A visibility gap is the point where a security team can no longer reliably see who has access to what, or why that access exists. In identity and data governance, it is a control failure because remediation depends on accurate ownership and current entitlement state.
Expanded Definition
A visibility gap exists when identity and security teams cannot confidently answer basic governance questions: which non-human identities exist, what they can access, who approved that access, and whether the access is still justified. In NHI operations, the gap often spans service accounts, API keys, workload identities, and secrets stored outside controlled systems. That makes it different from a simple logging issue, because the problem is not just missing telemetry but missing ownership, lifecycle state, and entitlement context.

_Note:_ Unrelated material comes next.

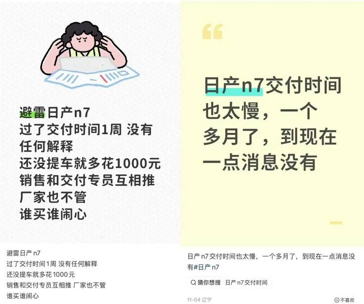 新车交付不及时,消费者的耐心没了,就从粉丝变成“黑粉”。在小红书等社交平台,许多消费者陆续反映N7未及时交付车辆的问题,提到车的车主,也吐槽车身质量、操作系统各种问题。N7采用Momenta一段式端到端飞轮大模型,支持L2级智驾系统。但从社交媒体上用户的反馈来看,在识别和决策逻辑上,日产N7还有较大的提升空间。
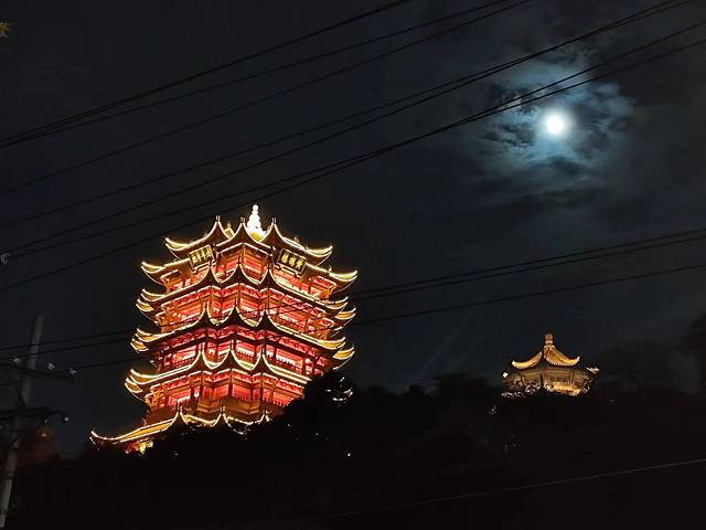 晚上去了黄鹤楼和长江大桥,从地铁站出来到黄鹤楼要走10分钟路程,虽然一出地铁站就能看到黄鹤楼。

In mature programs, visibility is not only detection. It is the ability to correlate identity inventory, secret location, privilege scope, and business owner in a way that supports review and revocation. This aligns closely with the intent of NIST Cybersecurity Framework 2.0, which treats asset and access awareness as foundational to control execution. Definitions vary across vendors on how much telemetry is enough, but NHI Management Group treats visibility as operationally complete only when the organisation can act on what it sees.
The most common misapplication is treating a dashboard or inventory export as proof of control, which occurs when teams can list identities but cannot explain ownership, purpose, or revocation path.
Examples and Use Cases
Implementing visibility rigorously often introduces operational overhead, requiring organisations to balance faster audits and safer remediation against the cost of maintaining current identity metadata across many systems.
- A cloud team finds an API key in application code but cannot identify the owner or the system that created it, so the key remains active longer than intended.
- A security review shows dozens of service accounts with broad permissions, yet the team cannot map those entitlements back to a business service or approver.
- An incident response team sees unusual token use, but the lack of ownership records makes it impossible to determine whether the activity is malicious or part of a deployment pipeline.
- An organisation follows guidance from the NHI Lifecycle Management Guide to tie each NHI to creation, rotation, and offboarding events, reducing blind spots in entitlement state.
- During program design, teams use the Ultimate Guide to NHIs alongside the NIST identity guidance to distinguish identity proofing from lifecycle visibility and avoid conflating the two.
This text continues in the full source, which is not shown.